- [TASK TO CARRY OUT]
Exact transcription of the data below is required, without the images.

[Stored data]
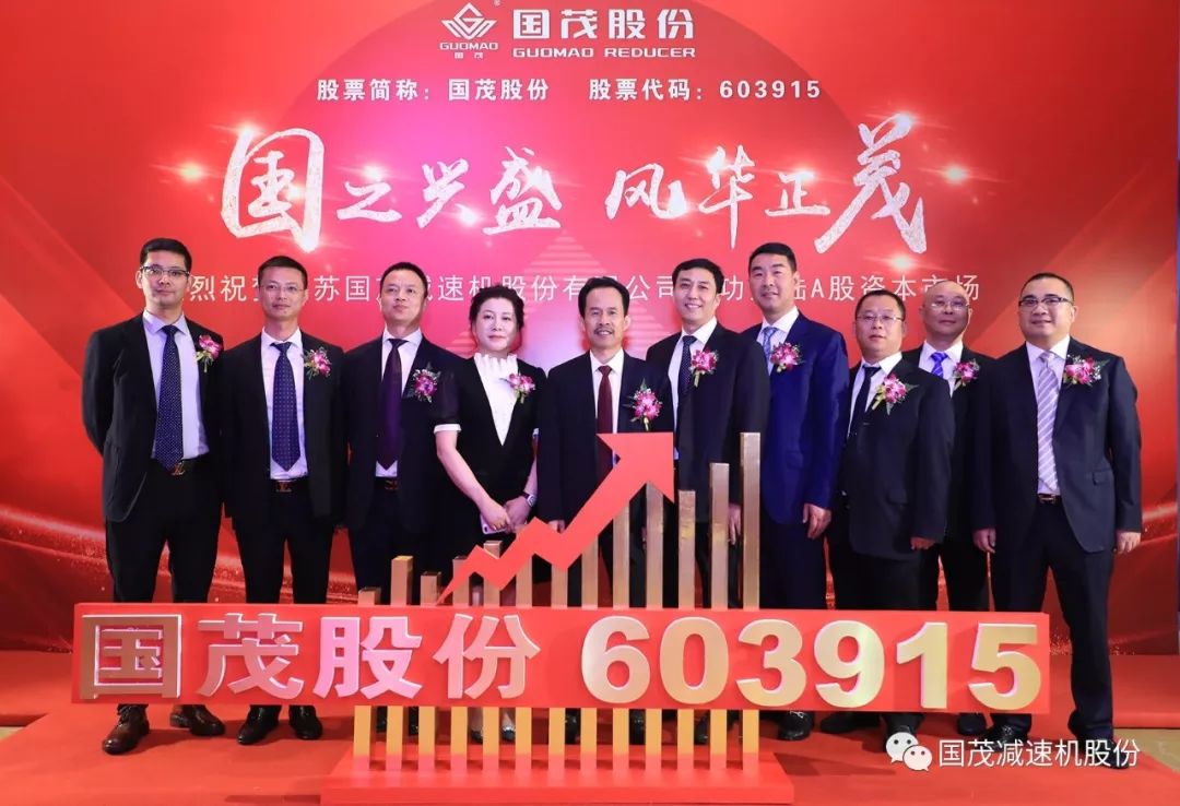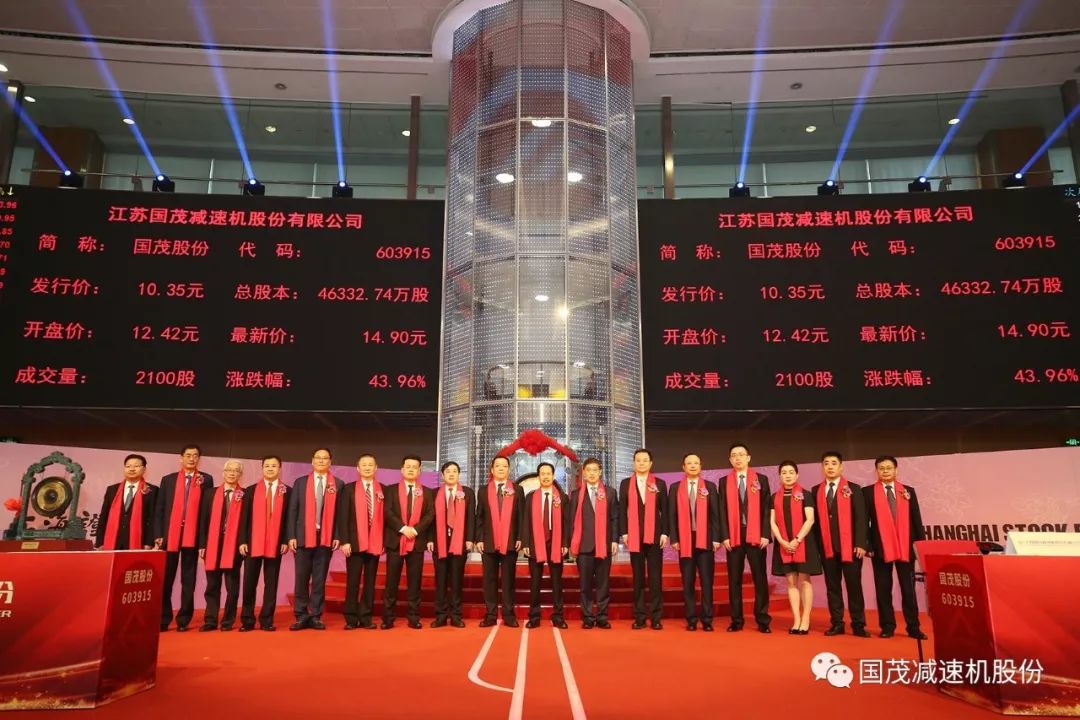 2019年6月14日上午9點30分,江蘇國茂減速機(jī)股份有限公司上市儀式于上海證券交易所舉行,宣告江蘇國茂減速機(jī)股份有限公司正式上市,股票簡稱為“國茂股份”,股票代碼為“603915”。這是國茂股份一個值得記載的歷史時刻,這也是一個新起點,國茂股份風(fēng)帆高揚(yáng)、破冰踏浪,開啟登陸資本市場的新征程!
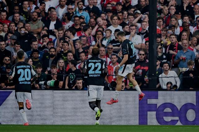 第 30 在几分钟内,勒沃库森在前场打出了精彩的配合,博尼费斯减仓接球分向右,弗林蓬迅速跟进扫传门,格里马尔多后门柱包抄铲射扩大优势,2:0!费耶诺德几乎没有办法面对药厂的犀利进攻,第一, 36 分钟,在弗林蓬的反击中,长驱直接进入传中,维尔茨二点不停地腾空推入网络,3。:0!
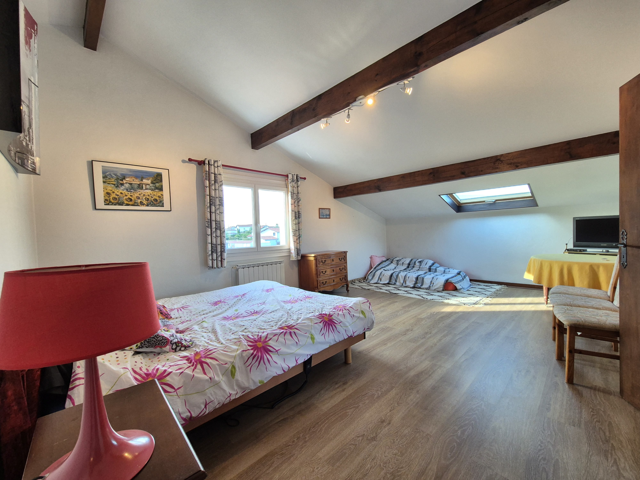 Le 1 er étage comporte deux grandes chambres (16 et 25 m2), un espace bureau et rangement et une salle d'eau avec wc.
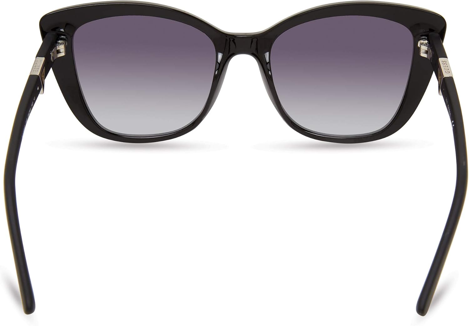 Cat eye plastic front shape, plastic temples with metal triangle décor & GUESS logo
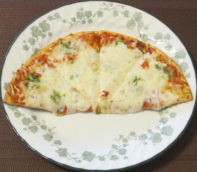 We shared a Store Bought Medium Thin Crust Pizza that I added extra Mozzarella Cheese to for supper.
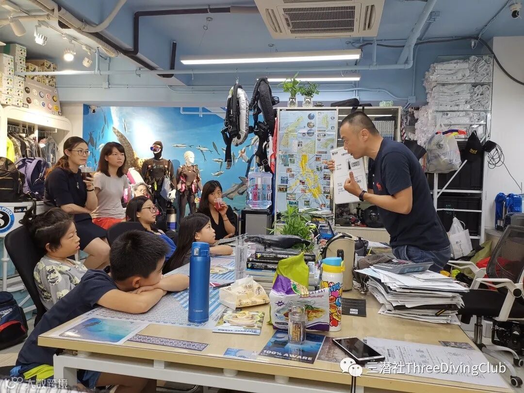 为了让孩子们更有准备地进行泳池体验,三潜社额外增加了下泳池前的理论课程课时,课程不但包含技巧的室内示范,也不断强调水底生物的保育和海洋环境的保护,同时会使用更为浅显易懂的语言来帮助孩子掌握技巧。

- [OUTPUT FOR THIS TASK]
 2019年6月14日上午9點30分,江蘇國茂減速機(jī)股份有限公司上市儀式于上海證券交易所舉行,宣告江蘇國茂減速機(jī)股份有限公司正式上市,股票簡稱為“國茂股份”,股票代碼為“603915”。這是國茂股份一個值得記載的歷史時刻,這也是一個新起點,國茂股份風(fēng)帆高揚(yáng)、破冰踏浪,開啟登陸資本市場的新征程!
 第 30 在几分钟内,勒沃库森在前场打出了精彩的配合,博尼费斯减仓接球分向右,弗林蓬迅速跟进扫传门,格里马尔多后门柱包抄铲射扩大优势,2:0!费耶诺德几乎没有办法面对药厂的犀利进攻,第一, 36 分钟,在弗林蓬的反击中,长驱直接进入传中,维尔茨二点不停地腾空推入网络,3。:0!
 Le 1 er étage comporte deux grandes chambres (16 et 25 m2), un espace bureau et rangement et une salle d'eau avec wc.
 Cat eye plastic front shape, plastic temples with metal triangle décor & GUESS logo
 We shared a Store Bought Medium Thin Crust Pizza that I added extra Mozzarella Cheese to for supper.
 为了让孩子们更有准备地进行泳池体验,三潜社额外增加了下泳池前的理论课程课时,课程不但包含技巧的室内示范,也不断强调水底生物的保育和海洋环境的保护,同时会使用更为浅显易懂的语言来帮助孩子掌握技巧。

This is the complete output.